I’m trying to write a program to automate a ticket draft.
We have a certain number of season ticket passes and want to split up the tickets among a group of people. There are X number of games, Y number of season passes, and Z number of people. Each of Z people has ranked the X games.
My code basically goes through the draft order and back picking out the tickets from their ranking if available, otherwise, picking the next highest ranking. For the most part it works. The problem is, there’s a point where most of the tickets are taken and the remaining tickets left are ones you already have so you just don’t pick them. People therefore have different numbers of tickets. Is there a good way to get around this?
If there were no preferences involved, this would be a straight min-cut max flow problem. http://en.wikipedia.org/wiki/Maximum_flow_problem, as follows:
Create a source vertex A. From A, create Z vertices, one for each person. The capacity can be infinite (or very, very large). Create a sink B, and create X vertices, one for each game, linked to B; the capacity should be Y (you have Y tickets per game). From each person, link to each game they’ve ranked, with capacity 1.

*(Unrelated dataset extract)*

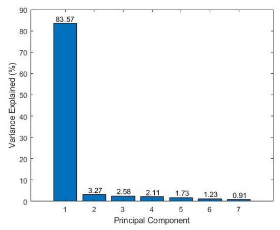 Fractions (%) of Variance Explained by Each of the First 7 Principal Components.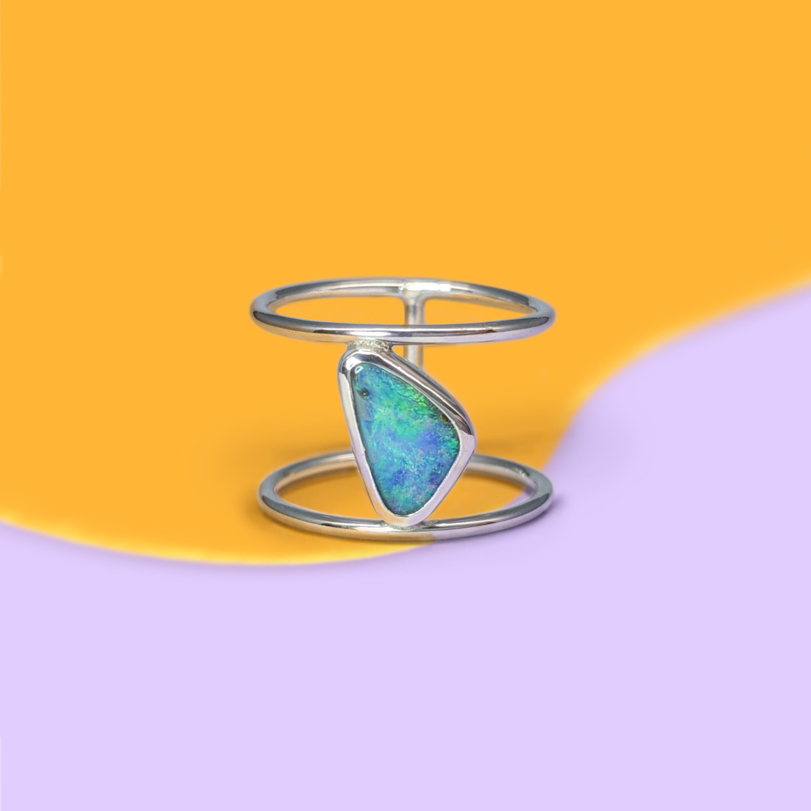 2連フープリングがシリーズになりました。カラフルな遊色がアクセントに効いた楽しげなボルダーオパールのリングが登場です。

If you look at the wiki link above, there are about 10 algorithms to solve this basic problem. Find one you understand and can implement yourself, because you’ll need to modify it slightly. I’m not familiar with all of them, but the ones I know about have a step ‘pick an edge’ or ‘pick a path.’ You should modify the ‘how you pick an edge’ logic to take the priority ordering of the games into account. I’m not sure exactly what the ordering should be (you’ll probably need to experiment), but if you say the lowest ranked game is 1, the next is 2, up to X, then a score like ‘ranking of the edge – number of games the person is already signed up for’ might work.